= 2000 Rushmoor Borough Council election =

2000 UK local government election

The 2000 Rushmoor Council election took place on 4 May 2000 to elect members of Rushmoor Borough Council in Hampshire, England. One third of the council was up for election and the Conservative Party gained overall control of the council from no overall control.
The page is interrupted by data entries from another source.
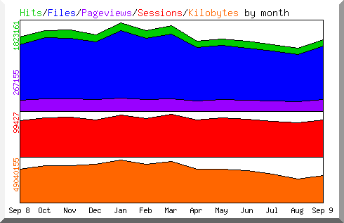 Month Hits Files Pageviews Sessions KBytes sent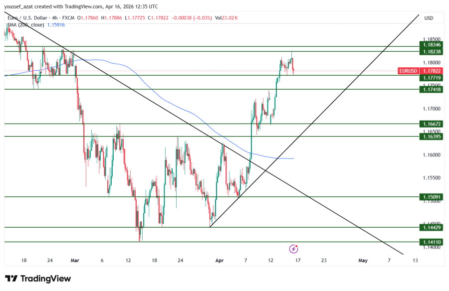 The EUR/USD pair is holding above the support level of 1.1740 and above the 200-period moving average on the four-hour timeframe, and is expected to continue its upward movement towards the 1.1840 level. If it breaks above this level, it will head towards the 1.1930 level.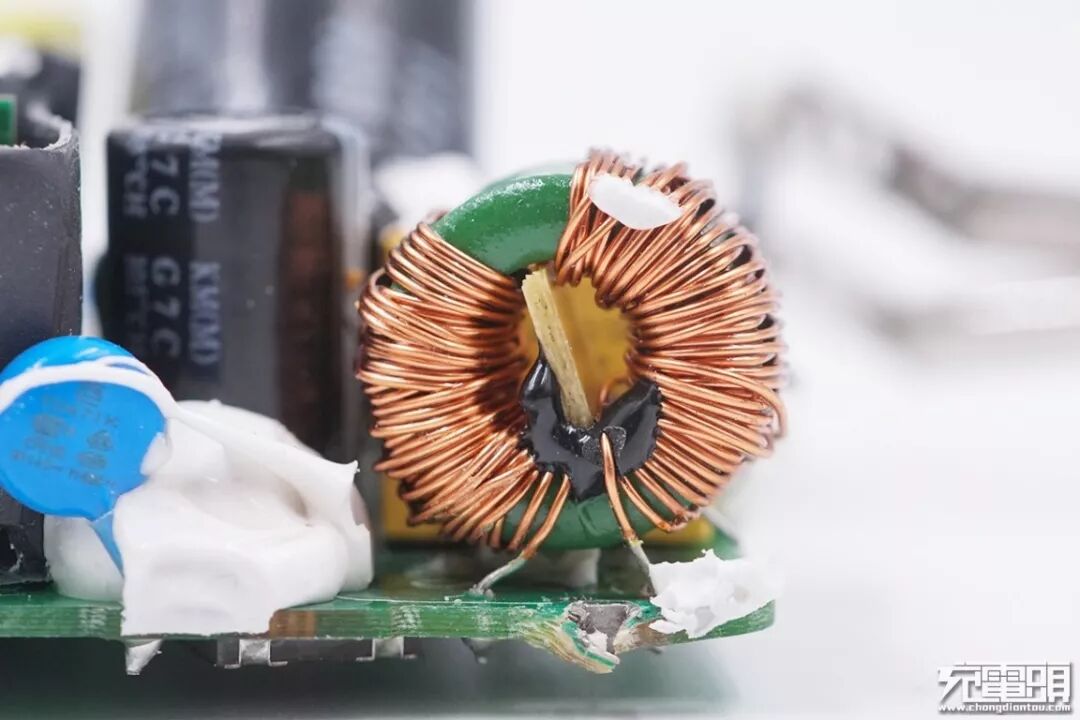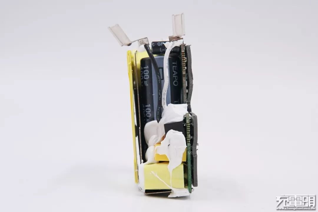 此外,充电器的内部还采用了大量了辅助散热措施,正面为金属散热片,背面为导热贴,USB-C小板上也分别使用了导热贴设计。初级和次级之间预留足够的安全距离,变压器附近采用镂空设计,增加绝缘档板;在体积较大的插件元器件之间均使用注胶的方式增加机械强度,确保整机的性能和可靠性。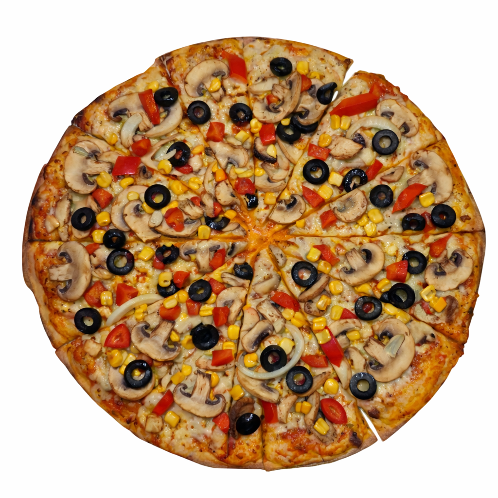 (Campiñones, Aceitunas negras, Cebolla, Pimentón y Maíz + Borde de Queso)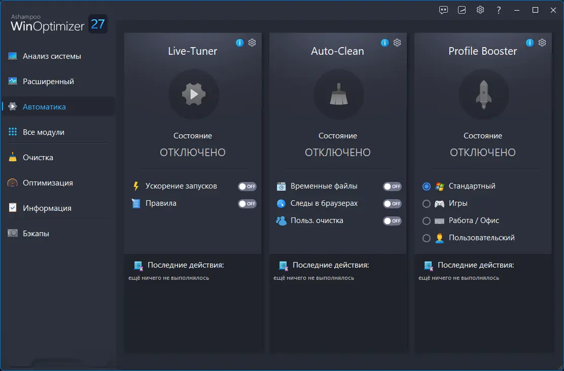 Каждый модуль Ashampoo WinOptimizer работает с высокой точностью, минимизируя риски повреждения системы и обеспечивая стабильность после оптимизации.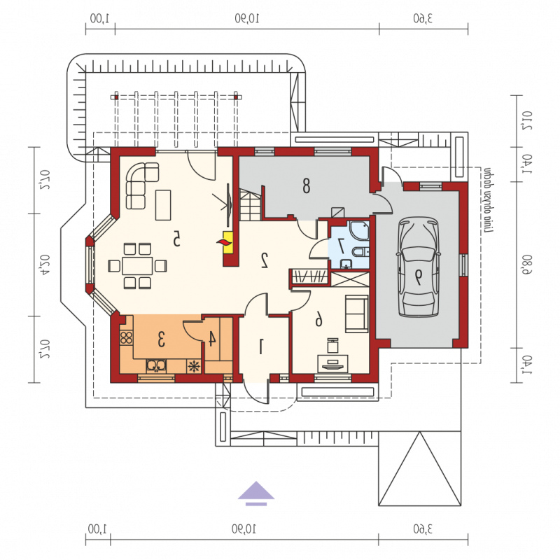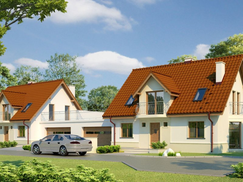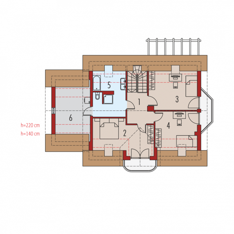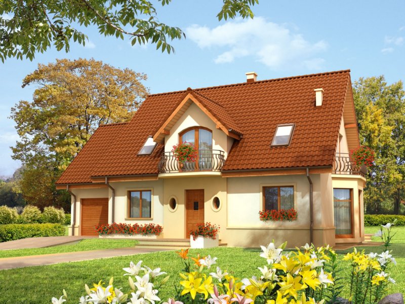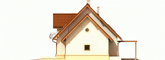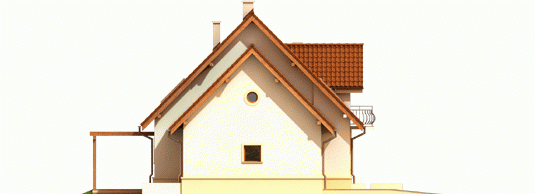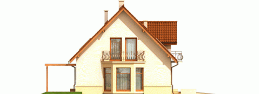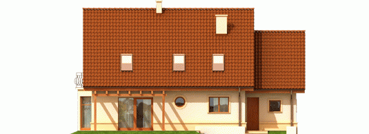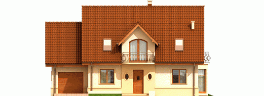Dom parterowy z użytkowym poddaszem, niepodpiwniczony, z garażem jednostanowiskowym, przeznaczony dla 4-5-osobowej rodziny. Strefa wejściowa została wyraźnie podkreślona lukarną z balkonem. Po przejściu przez wiatrołap roztacza się przed nami spory hol, przestronny pokój dzienny z otwartą kuchnią i jasną częścią jadalniana w przeszklonym wykuszu. Mamy również komfortowy gabinet oraz dużą część gospodarczą. Wygodne rozwiązanie przejściowego pomieszczenia gospodarczego ułatwia komunikację między garażem a resztą budynku. Cała strefa poddasza z trzema sypialniami, łazienką i strychem, to część nocną. Istnieje wersja projektu z garażem dwustanowiskowym oraz bliźniak (wizualizacje w plikach do pobrania).

The election took place at the same time as a referendum on whether to change the name of the borough council from Rushmoor to either Aldershot and Farnborough, or Farnborough and Aldershot. The change of name was rejected with 13,891 votes against to only 2,747 in favour on a turnout of 29%.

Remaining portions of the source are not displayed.